HOW TO COMPLETE THIS TASK: Once you reach the line with "This process qualifies", copy it and every line after it exactly, up to the end of the data. Omit the pictures.
»»
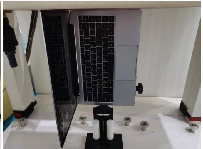
Fig-4.4 Right Side of EUT with 0 cm Gap (Body Mode)
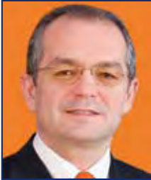
Mr Emil Boc, Prime Minister
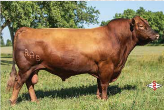
Bieber CL Stockmarket E119, sire to Lot 305

A larger framed bull with excellent carcass data that all the feeders are asking for. He walks on a big foot, has a square hip and large testicles. His daughter's should make excellent cows.
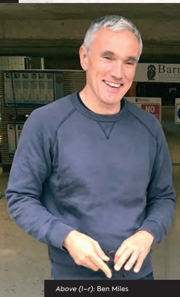
Above (l-r): Ben Miles
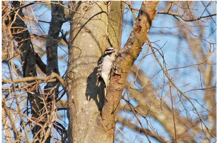
Hairy woodpecker
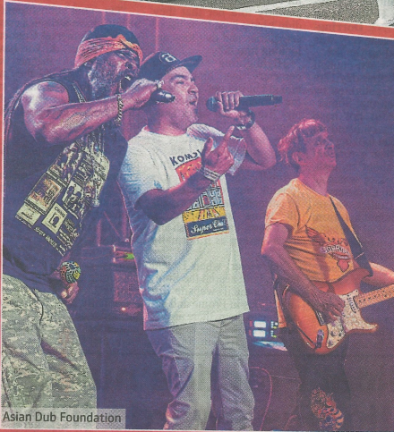
Asian Dub Foundation
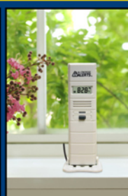
Indoor / Outdoor Temp. & Humidity
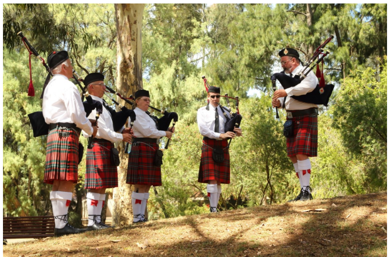
OUR WONDERFUL PIPERS
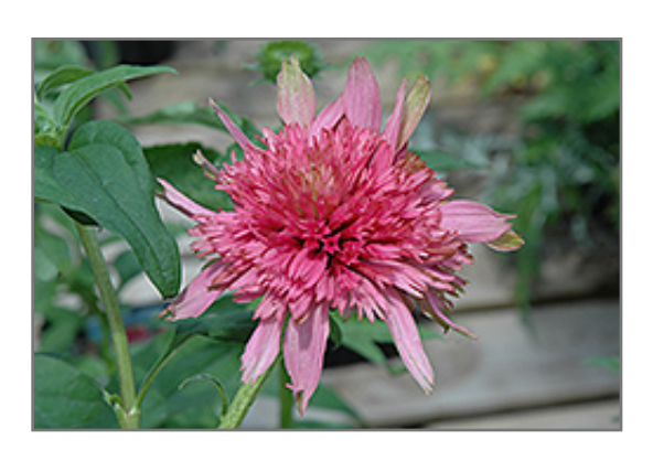
Cotton Candy Coneflower flowers

birds at winter; use in naturalized areas
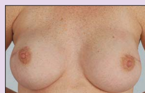
4. 38 year old female two months after exchange of expanders to implants and fat injections
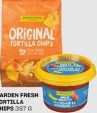
GARDEN FRESH TORTILLA CHIPS 397 G OR SALSA 473 ML SELECTED VARIETIES 20325398_EA/ 20565699_EA
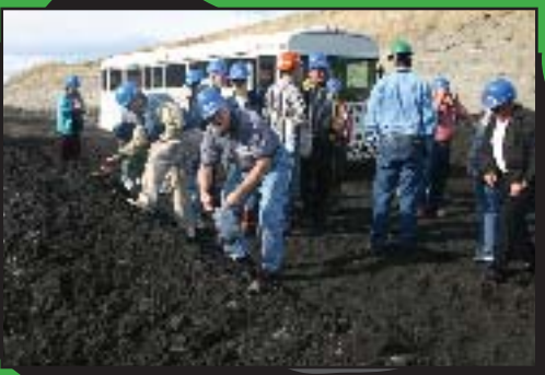
Our group does some coal mining
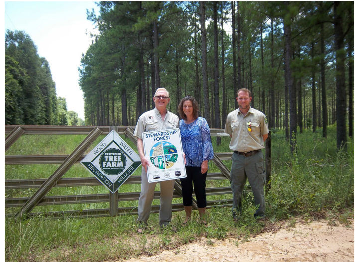
Figure 1. Forest Stewards are landowners who are managing their land according to a written plan for long-term environmental, economic, and social benefits.

The Forest Stewardship Program is based upon the strategy of multiple-use land management. With the help of natural resource professionals, a landowner can develop a management plan designed to increase their forestland's value for any combination objectives including timber production, wildlife habitat, hunting leases, recreation, aesthetics, livestock grazing, and soil and water conservation. Each plan is tailored to meet the landowner's priorities while maintaining the ecological diversity of the forest.
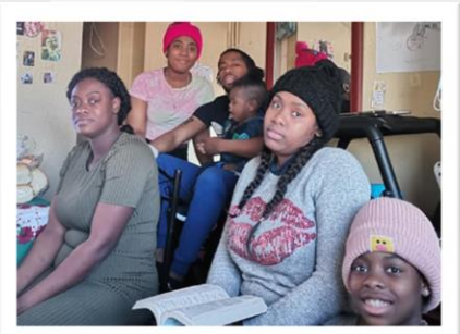
People who attended the Bible studies in the city of Porvenir.

My plans are, God permitting, to return to Punta Arenas with my wife and stay a month with the brothers to instruct them in sound doctrine and strengthen their faith. The brothers here show great interest in persevering in the faith, but they need instruction and companionship in their spiritual growth. I believe that being with these brothers for 4 weeks giving biblical teaching will be a great incentive for them in their spiritual life. Without a doubt, effort and dedication will be necessary, as well as obtaining the necessary financial resources to spend that time in the southern city of Punta Arenas. I trust that our God will provide the resources for this spiritual work.
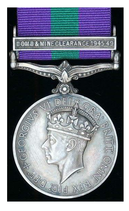
General Service Medal
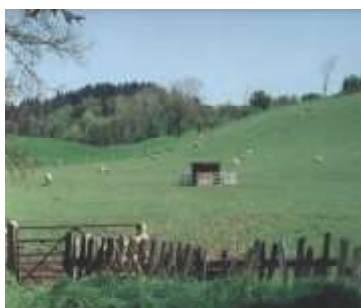
A relic of Bordesley Park Boundary, this random-paling stock fence illustrates hand-made rural character which could be replicated with today's rustic fencing materials
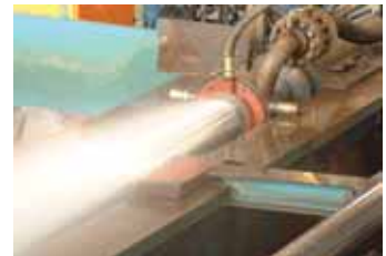
Hydrostatic testing and ultrasonic inspection

This process qualifies pipe integrity with testing pressures of up to 300 bar and six ultrasonic probes with full coupling control for final weld inspection. Pipe ends are manually inspected ultrasonically when required.
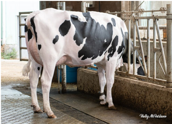
PROGENESIS MANHATTAN PIPER DAUGHTER
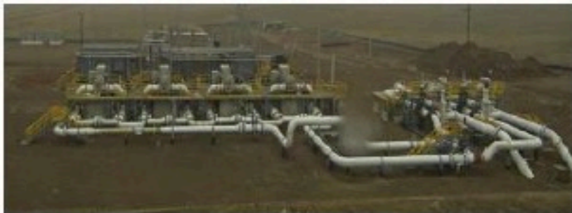
TYPICAL PUMP STATION ELEVATED
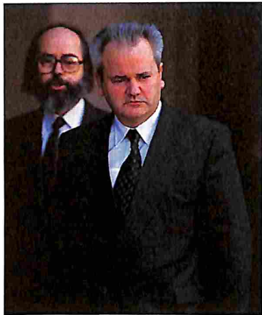
Taking the Heat: Milosevic feels the pressure on Kosovo (see WORLD)
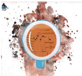
Paige Styles, Grade 11
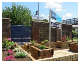
Five Acre Woods student garden
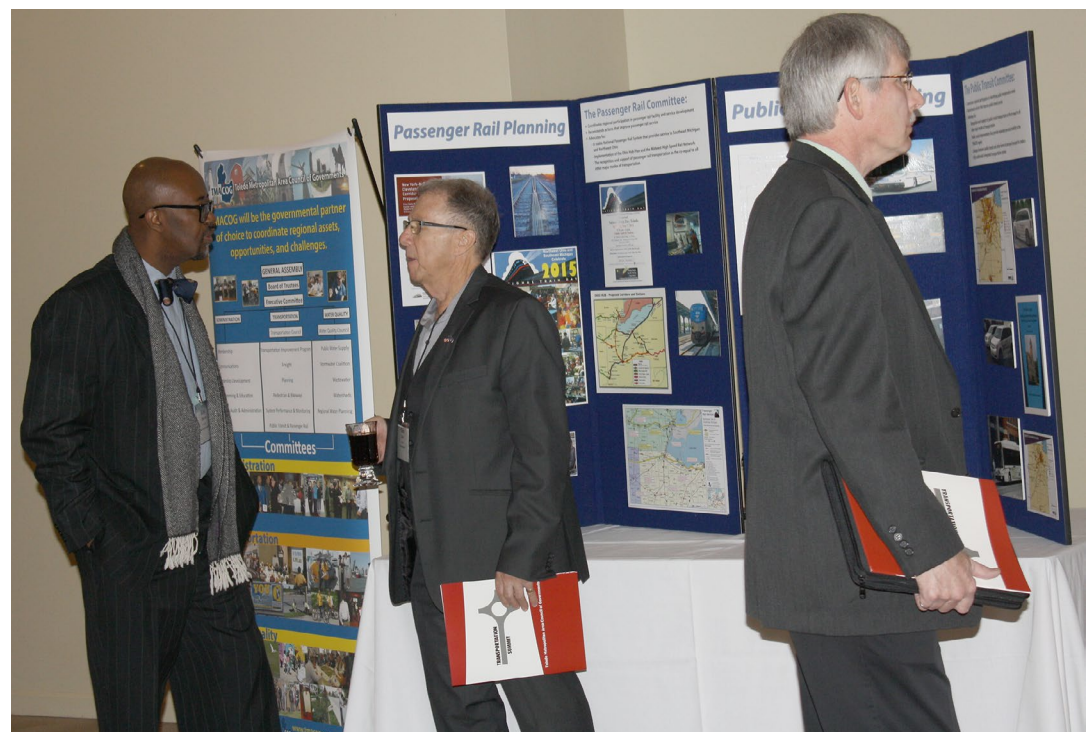
TMACOG Transportation Summit 2016
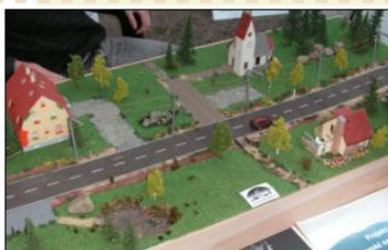
One of the three small mock-ups, it was exposed e.g. at "Science Picnic" in Warsaw
««
RESULT FOR THIS TASK:
This process qualifies pipe integrity with testing pressures of up to 300 bar and six ultrasonic probes with full coupling control for final weld inspection. Pipe ends are manually inspected ultrasonically when required.
PROGENESIS MANHATTAN PIPER DAUGHTER
TYPICAL PUMP STATION ELEVATED
Taking the Heat: Milosevic feels the pressure on Kosovo (see WORLD)
Paige Styles, Grade 11
Five Acre Woods student garden
TMACOG Transportation Summit 2016
One of the three small mock-ups, it was exposed e.g. at "Science Picnic" in Warsaw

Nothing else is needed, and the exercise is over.